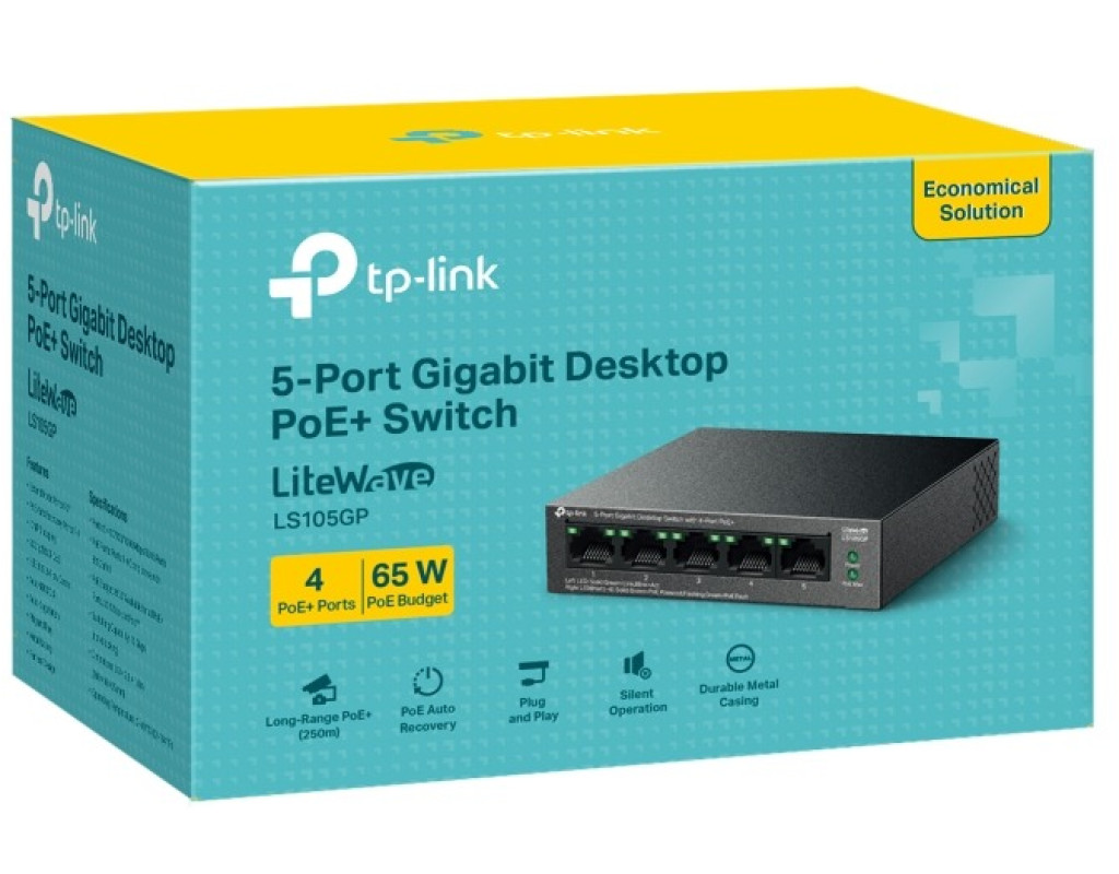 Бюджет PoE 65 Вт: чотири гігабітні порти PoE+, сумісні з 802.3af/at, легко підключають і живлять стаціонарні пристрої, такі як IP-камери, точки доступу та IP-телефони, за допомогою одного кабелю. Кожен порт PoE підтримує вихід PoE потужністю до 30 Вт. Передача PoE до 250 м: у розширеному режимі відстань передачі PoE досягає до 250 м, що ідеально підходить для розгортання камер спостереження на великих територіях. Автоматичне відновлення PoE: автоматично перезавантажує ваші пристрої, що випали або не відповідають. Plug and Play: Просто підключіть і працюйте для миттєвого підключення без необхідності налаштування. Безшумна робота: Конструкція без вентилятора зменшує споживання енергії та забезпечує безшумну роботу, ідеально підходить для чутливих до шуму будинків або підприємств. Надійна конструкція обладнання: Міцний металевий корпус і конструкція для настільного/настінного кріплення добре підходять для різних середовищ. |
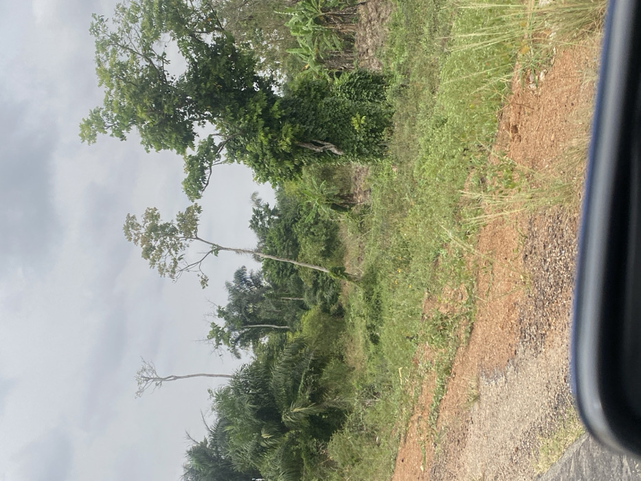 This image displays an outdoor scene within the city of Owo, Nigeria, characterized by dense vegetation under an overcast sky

---

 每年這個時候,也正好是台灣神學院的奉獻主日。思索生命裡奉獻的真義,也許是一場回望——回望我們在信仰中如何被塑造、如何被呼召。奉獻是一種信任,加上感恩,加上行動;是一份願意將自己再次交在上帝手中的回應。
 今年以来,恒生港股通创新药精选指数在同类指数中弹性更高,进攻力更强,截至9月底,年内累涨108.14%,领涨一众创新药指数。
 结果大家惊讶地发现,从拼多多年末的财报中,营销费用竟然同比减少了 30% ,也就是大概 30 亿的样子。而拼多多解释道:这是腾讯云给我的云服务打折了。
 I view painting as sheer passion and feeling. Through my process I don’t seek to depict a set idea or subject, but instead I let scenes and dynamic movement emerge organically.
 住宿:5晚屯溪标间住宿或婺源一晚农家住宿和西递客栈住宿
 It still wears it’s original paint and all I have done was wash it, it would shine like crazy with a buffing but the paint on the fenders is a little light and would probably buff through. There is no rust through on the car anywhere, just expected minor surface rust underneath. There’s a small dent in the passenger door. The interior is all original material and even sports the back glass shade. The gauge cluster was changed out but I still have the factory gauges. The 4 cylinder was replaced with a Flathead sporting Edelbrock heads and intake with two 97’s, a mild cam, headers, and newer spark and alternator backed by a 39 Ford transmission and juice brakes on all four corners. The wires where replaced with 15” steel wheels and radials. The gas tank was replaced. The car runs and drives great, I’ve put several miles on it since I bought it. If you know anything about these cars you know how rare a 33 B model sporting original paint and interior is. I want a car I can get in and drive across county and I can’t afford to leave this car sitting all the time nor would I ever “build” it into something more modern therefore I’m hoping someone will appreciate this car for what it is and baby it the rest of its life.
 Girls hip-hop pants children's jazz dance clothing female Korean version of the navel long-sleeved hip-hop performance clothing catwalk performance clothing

* * *

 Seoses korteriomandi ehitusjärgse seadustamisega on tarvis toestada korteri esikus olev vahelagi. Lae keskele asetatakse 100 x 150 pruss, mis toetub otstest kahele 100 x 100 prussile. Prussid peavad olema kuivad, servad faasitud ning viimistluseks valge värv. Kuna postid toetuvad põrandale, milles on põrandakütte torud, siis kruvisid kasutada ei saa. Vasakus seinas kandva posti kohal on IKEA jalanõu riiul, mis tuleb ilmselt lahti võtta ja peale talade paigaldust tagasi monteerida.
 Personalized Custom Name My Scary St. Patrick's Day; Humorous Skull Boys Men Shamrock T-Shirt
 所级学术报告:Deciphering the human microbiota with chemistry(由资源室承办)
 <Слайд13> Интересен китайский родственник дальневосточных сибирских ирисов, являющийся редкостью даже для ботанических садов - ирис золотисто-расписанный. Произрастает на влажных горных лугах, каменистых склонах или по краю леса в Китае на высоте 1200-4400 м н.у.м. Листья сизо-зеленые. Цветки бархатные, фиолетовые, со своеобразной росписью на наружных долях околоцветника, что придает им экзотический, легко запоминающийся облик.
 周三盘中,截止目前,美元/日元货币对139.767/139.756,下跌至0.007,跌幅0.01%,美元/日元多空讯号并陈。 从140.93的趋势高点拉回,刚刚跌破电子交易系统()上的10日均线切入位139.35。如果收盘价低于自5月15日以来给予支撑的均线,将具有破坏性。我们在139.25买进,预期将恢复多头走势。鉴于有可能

- **What the task requires**: The copy should hold exactly the lines above from the one with "Бюджет PoE 65" through the one with "This image displays", both ends counted, and no pictures at all.

- **Response**:
 Бюджет PoE 65 Вт: чотири гігабітні порти PoE+, сумісні з 802.3af/at, легко підключають і живлять стаціонарні пристрої, такі як IP-камери, точки доступу та IP-телефони, за допомогою одного кабелю. Кожен порт PoE підтримує вихід PoE потужністю до 30 Вт. Передача PoE до 250 м: у розширеному режимі відстань передачі PoE досягає до 250 м, що ідеально підходить для розгортання камер спостереження на великих територіях. Автоматичне відновлення PoE: автоматично перезавантажує ваші пристрої, що випали або не відповідають. Plug and Play: Просто підключіть і працюйте для миттєвого підключення без необхідності налаштування. Безшумна робота: Конструкція без вентилятора зменшує споживання енергії та забезпечує безшумну роботу, ідеально підходить для чутливих до шуму будинків або підприємств. Надійна конструкція обладнання: Міцний металевий корпус і конструкція для настільного/настінного кріплення добре підходять для різних середовищ. |
 This image displays an outdoor scene within the city of Owo, Nigeria, characterized by dense vegetation under an overcast sky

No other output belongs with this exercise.